Multisystem inflammatory syndrome in children, or MIS-C, is characterized by inflammation of organs including the heart, lungs, kidneys, brain, skin, eyes and intestines. The mysterious condition appears in some cases to coincide with COVID infection, and represented one of the earlier indicators that even the very young could be seriously impacted by the pandemic.
Of course, it won’t just be scientists cheering the vaccination of kids and teens. “Some teachers or unions are not likely going to return to work unless schoolchildren are vaccinated,” said Jeffrey Klausner, a clinical professor of preventive medicine at USC who previously worked at the U.S. Centers for Disease Control and Prevention.
Klausner said there’s no strong scientific justification for that stance. “If teachers are vaccinated, they are highly protected,” he explained. But in some communities, vaccination mandates will be insisted upon by educators and their advocates, he suggested.
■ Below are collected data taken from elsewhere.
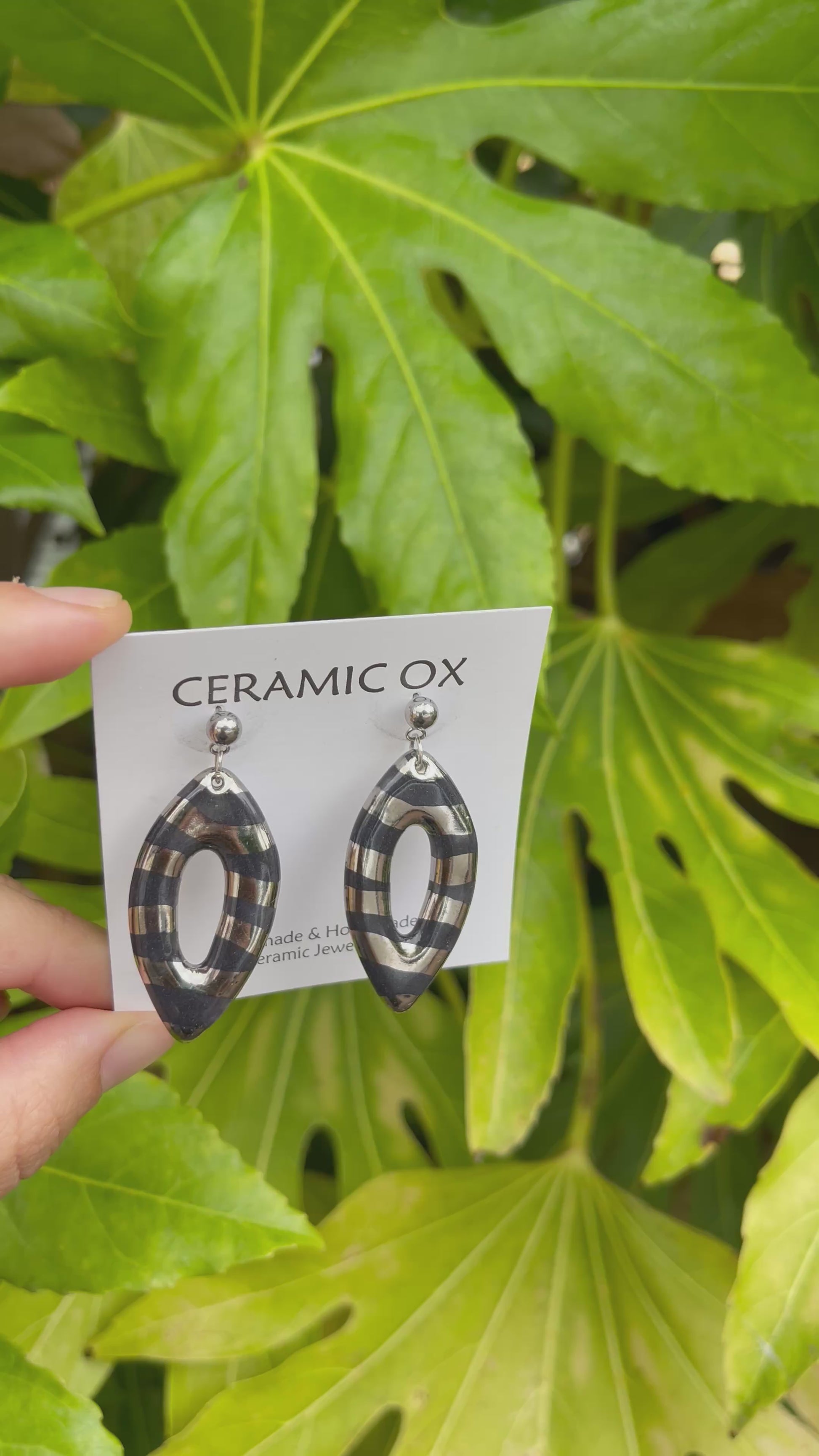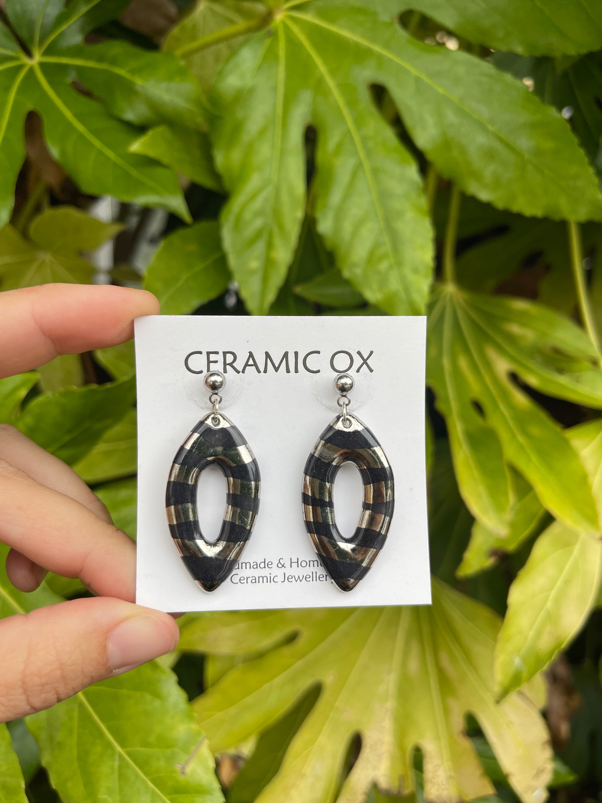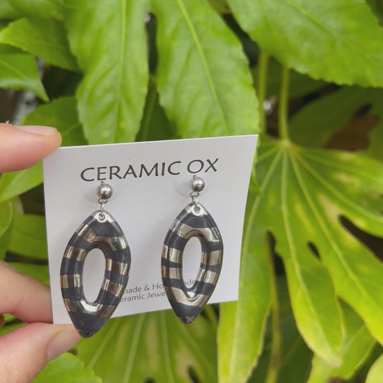 Handmade, homemade, ceramic earrings. Glazed high fire earthenware ceramic earrings fired at over 1100 Celsius with Platinum silver lustre design.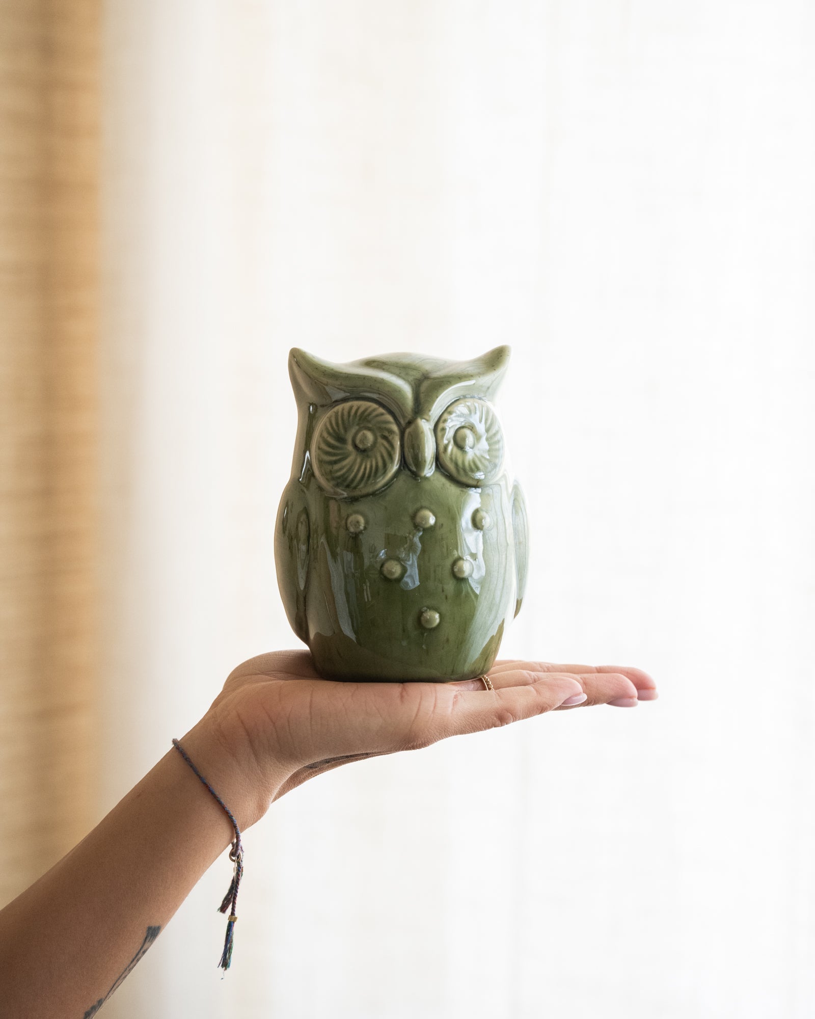 Die grüne Porzellan-Eule ist eine bezaubernde, dekorative Porzellanfigur. Die glänzende grüne Glasur und die feinen Details verleihen diesem kleinen Objekt einen verspielten und stilvollen Charakter. Sie eignet sich perfekt als Dekoration auf einem Regal, einer Kommode oder einem Beistelltisch und lässt sich wunderbar mit anderen Wohnaccessoires kombinieren.
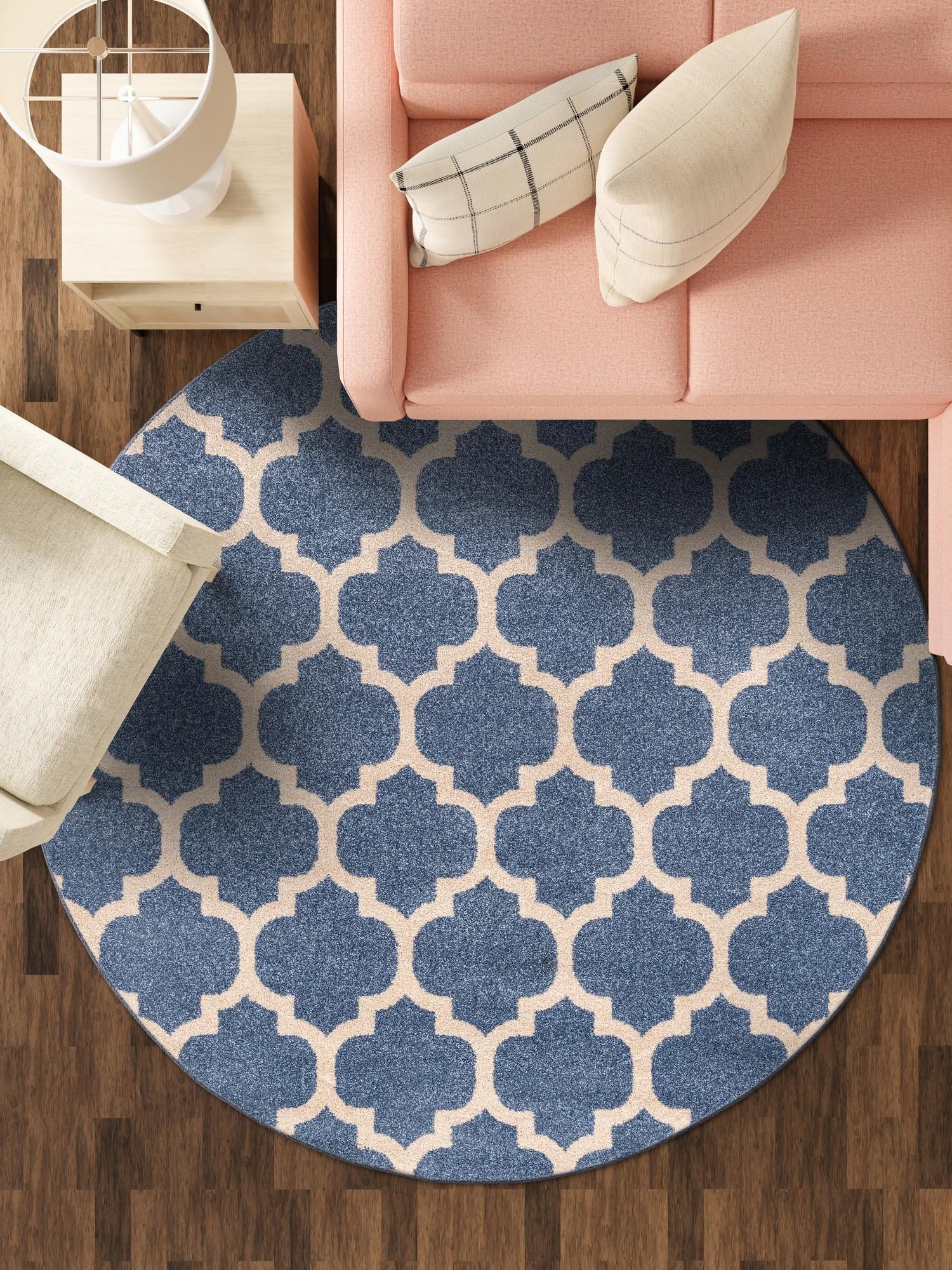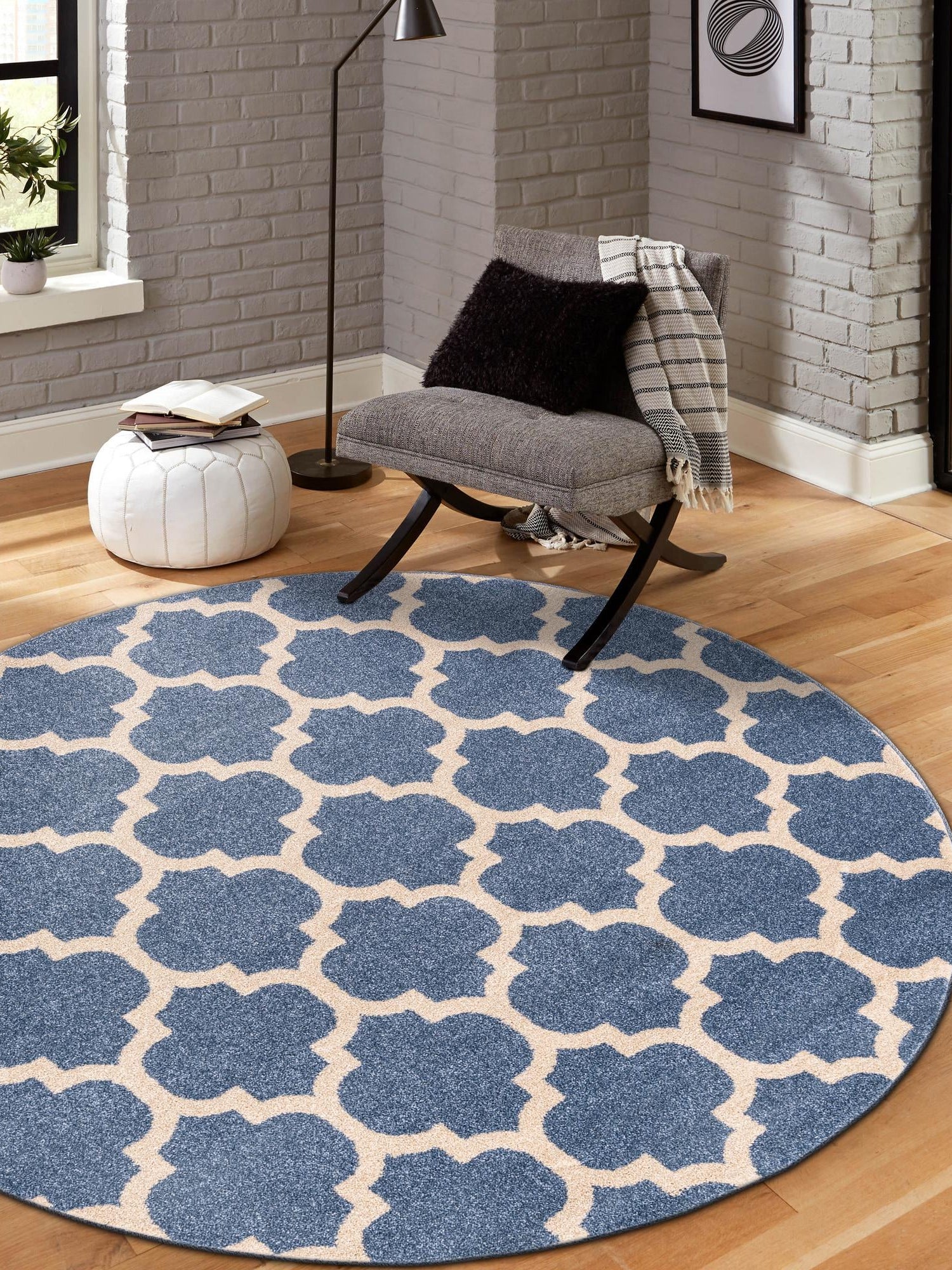 Light Blue 6' 1 x 6' 1 Trellis Round Area Rug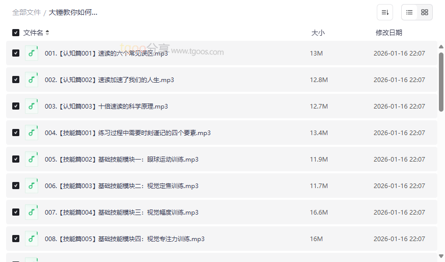 这是课程的精华所在,提供了从易到难、循序渐进的系统性训练方案。每个技能模块都配有详细的讲解音频和视觉训练图谱(JPG图片),方便学习者对照练习。亮点在于将抽象的速读能力拆解为具体的、可量化训练的子技能,如眼球运动、视觉定焦等,让提升过程清晰可见。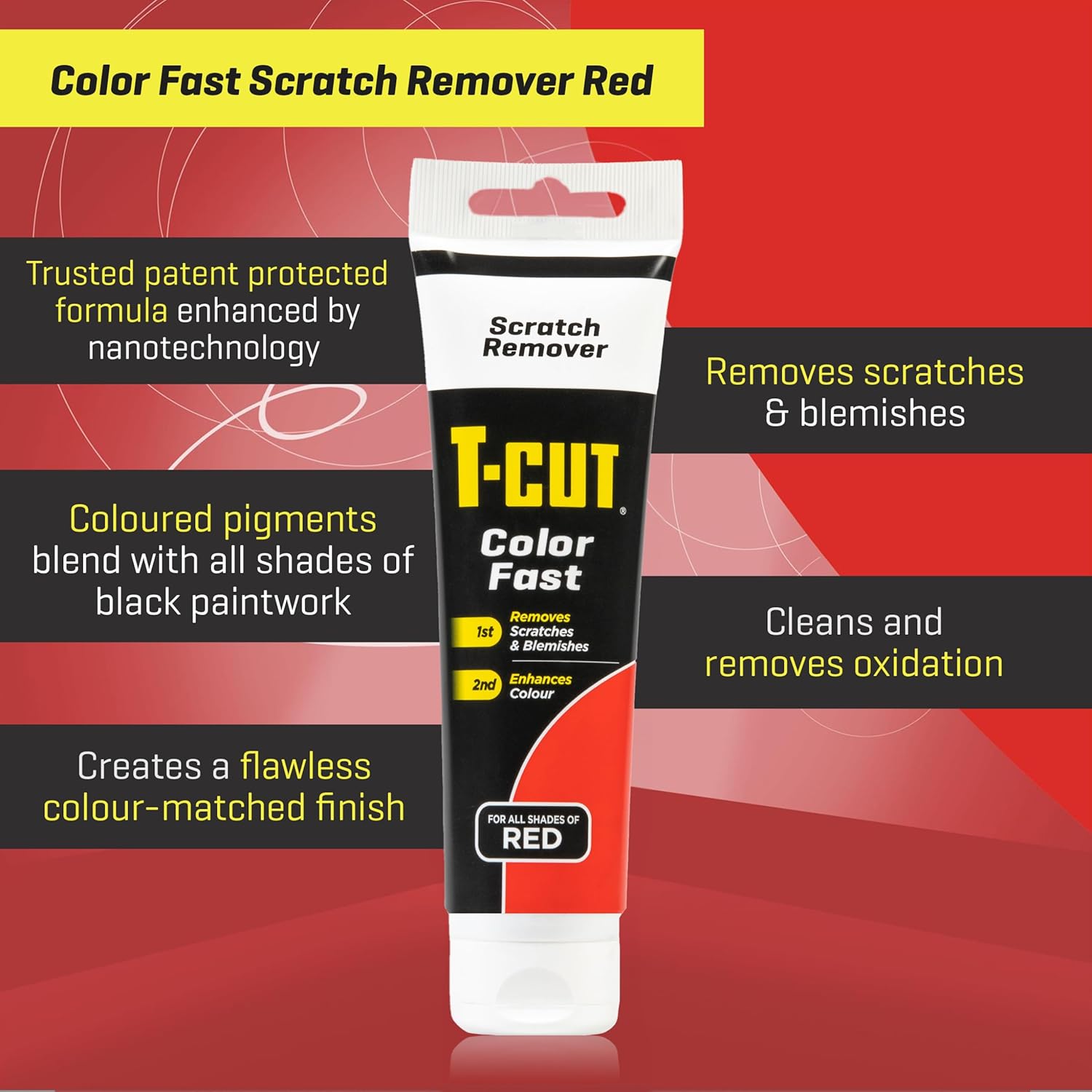 - T-Cut Colourfast Scratch remover (patent pending formula) removes scratches, scuffs, blemishes and adds colour in one easy application.

“That’s the political reality,” Klausner said.
Mandates can, of course, provoke a backlash. The mere idea of a “vaccine passport”—a card proving someone has been inoculated—prompted lawmakers in Republican-controlled states including Arizona, Florida, Texas, and Utah to swiftly ban businesses from requiring a passport from customers.
Aimee Bernard, a University of Colorado immunologist, said she hopes reluctant parents can be persuaded, despite some of them engaging in concerted and extreme activism. “I would ask them if they have any specific concerns about the vaccine, and help to answer questions and clear up any confusion surrounding misinformation they may have read or heard about on social media,” she told The Daily Beast.
“I would also tell them that I trust the vaccines so much that I have been fully vaccinated, and so have my teenage children,” Bernard added. “We’re all doing well and feeling great. We all got vaccinated so that we could protect ourselves as well as the people in our community. We also got vaccinated so that we could do our part to help end the pandemic and stop transmission of the virus.”
But Hotez said one-on-one persuasion by doctors to patients “only gets you so far.” He cited Fox News’ escalating attacks on the vaccines and the growing popularity of online anti-vaxxer groups, which themselves benefit from Russian disinformation campaigns.
“At some point we’re going to have to do something about the 58 million followers on anti-vaccine sites,” Hotez said.
As long as millions of parents resist vaccination, millions of kids effectively will, too. Opening up vaccine eligibility is good for children and teens and good for the country. But the same anti-science attitude that has left yawning gaps between adult vaccination in some red and blue states also limits just how many people might take advantage of newfound eligibility and get their shot.
“That’s going to be a tough population to reach,” Hotez said.